The extra HTTP headers will be sent with every request the page initiates.

Note

page.setExtraHTTPHeaders does not guarantee the order of headers in the outgoing requests.

page.setJavaScriptEnabled(enabled)

enabled <boolean> Whether or not to enable JavaScript on the page.
returns: <Promise>

Note

changing this value won't affect scripts that have already been run. It will take full effect on the next navigation.

page.setRequestInterceptionEnabled(value)

value <boolean> Whether to enable request interception.
returns: <Promise>

Activating request interception enables request.abort and request.continue.

An example of a naïve request interceptor which aborts all image requests:

const puppeteer = require('puppeteer');

puppeteer.launch().then(async browser => {
  const page = await browser.newPage();
  await page.setRequestInterceptionEnabled(true);
  page.on('request', interceptedRequest => {
    if (interceptedRequest.url.endsWith('.png') || interceptedRequest.url.endsWith('.jpg'))
      interceptedRequest.abort();
    else
      interceptedRequest.continue();
  });
  await page.goto('https://example.com');
  browser.close();
});

page.setUserAgent(userAgent)

userAgent <string> Specific user agent to use in this page
returns: <Promise> Promise which resolves when the user agent is set.

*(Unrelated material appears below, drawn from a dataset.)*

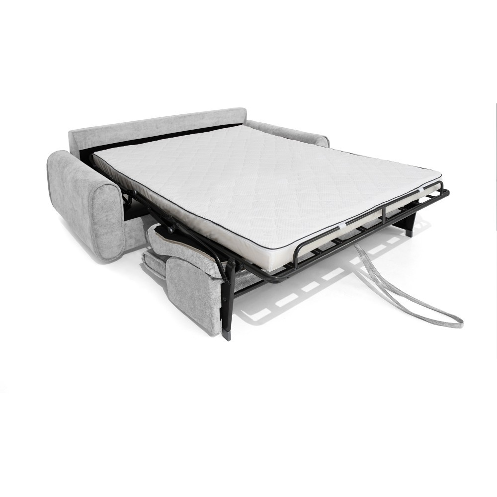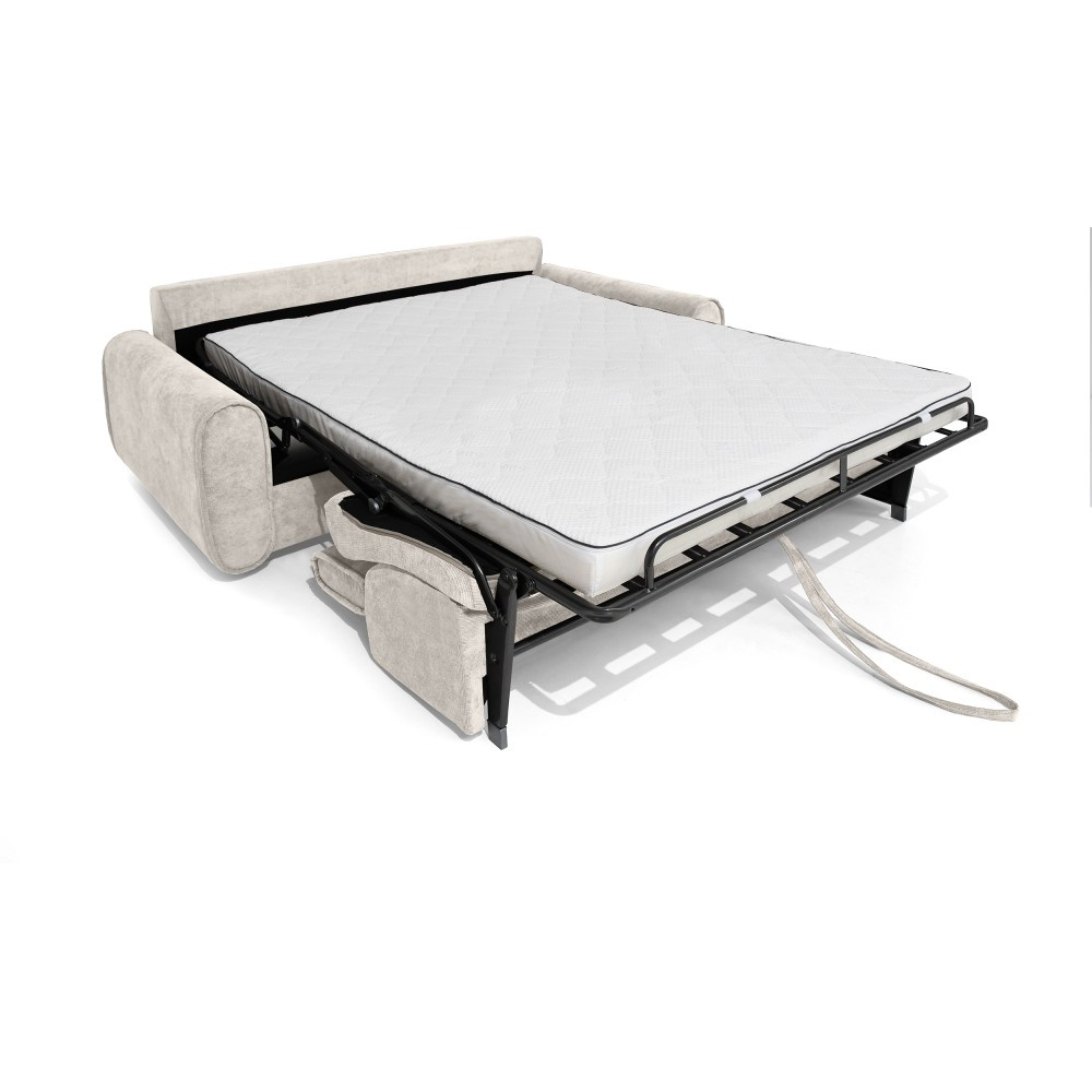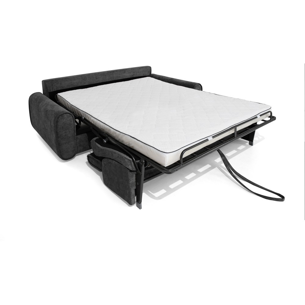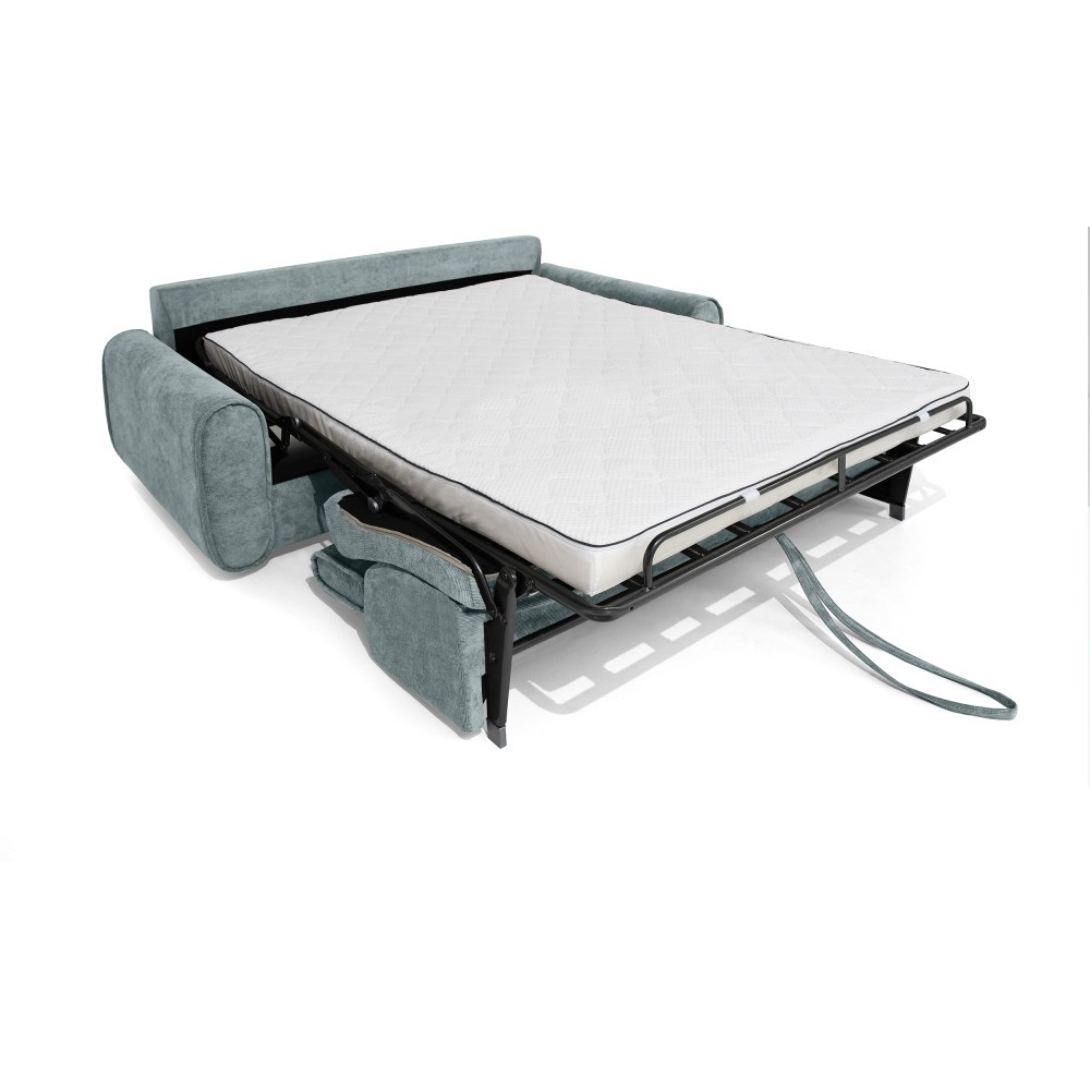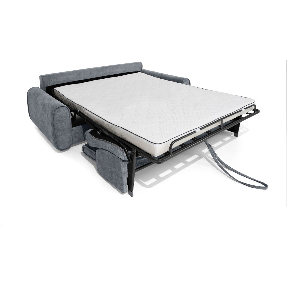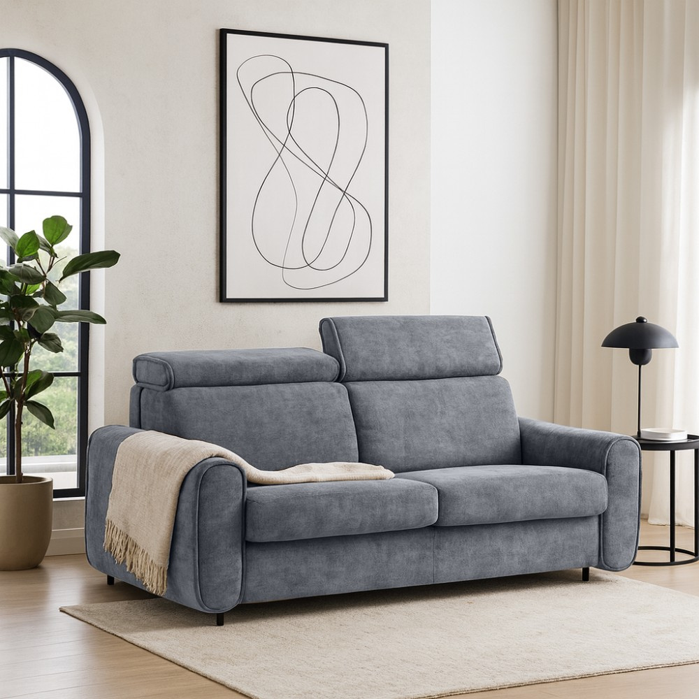Pohovka PAVARTI kombinuje moderní design, vysoké pohodlí a promyšlenou funkci spaní. Díky elegantní velurové potahové látce s žebrovanou texturou se rychle stane stylovým ústředním bodem obývacího pokoje. Díky vysoce kvalitnímu zpracování je vhodná pro každodenní použití i jako praktické řešení pro spaní hostů. Italský rozkládací systém – pohovka se rozloží na pohodlnou postel jediným, plynulým pohybem opěradla a sedáku. Systém, který je jednoduchý, rychlý a odolný. Integrovaná matrace o tloušťce 10 cm – plocha na spaní se skládá z PU pěny a je potažena speciálním stříbrným potahem s ionty stříbra. Vytváří tak hygienické a pohodlné prostředí pro spaní – ideální pro pravidelné používání. Praktická přihrádka na ložní prádlo – polštáře, přikrývky nebo ložní prádlo lze uložit přímo do pohovky. Díky tomu udržuje obytný prostor uklizený a vše, co potřebujete, je okamžitě po ruce. Čalouněné popruhy na sedáku zajišťují stabilitu, odolnost a příjemně elastický zážitek ze sezení, který dále zvyšuje pohodlí. Tři volitelné velikosti – v závislosti na místnosti a vašich potřebách je pohovka k dispozici v šířkách 194 / 214 / 234 cm. Odpovídající plochy na spaní měří 140 / 160 / 180 × 200 cm, což zajišťuje vhodné řešení pro každou životní situaci. Stylová velurová látka – moderní velurový potah s žebrovanou strukturou dodává pohovce elegantní vzhled a zároveň je příjemně měkká na dotek. Pohovka PAVARTI je perfektní volbou pro každého, kdo chce spojit pohodlí, funkčnost a design. Ať už jako útulná pohovka do obývacího pokoje nebo pohodlné lůžko pro hosty – zaujme svými vysoce kvalitními prvky, promyšlenými detaily a všestranným využitím. Kus nábytku, který je vizuálně přitažlivý a praktický pro každodenní použití.

page.setViewport(viewport)

viewport <Object>
- width <number> page width in pixels.
- height <number> page height in pixels.
- deviceScaleFactor <number> Specify device scale factor (could be thought of as dpr). Defaults to 1.
- isMobile <boolean> Whether the meta viewport tag is taken into account. Defaults to false.
- hasTouch<boolean> Specifies if viewport supports touch events. Defaults to false
- isLandscape <boolean> Specifies if viewport is in landscape mode. Defaults to false.
returns: <Promise>

Note

in certain cases, setting viewport will reload the page in order to set the isMobile or hasTouch properties.

In the case of multiple pages in a single browser, each page can have its own viewport size.

page.title()

returns: <Promise<string>> Returns page's title.

Shortcut for page.mainFrame().title().

page.tracing

returns: <Tracing>

page.type(text, options)

text <string> A text to type into a focused element.
options <Object>
- delay <number> Time to wait between key presses in milliseconds. Defaults to 0.
returns: <Promise>

Sends a keydown, keypress/input, and keyup event for each character in the text.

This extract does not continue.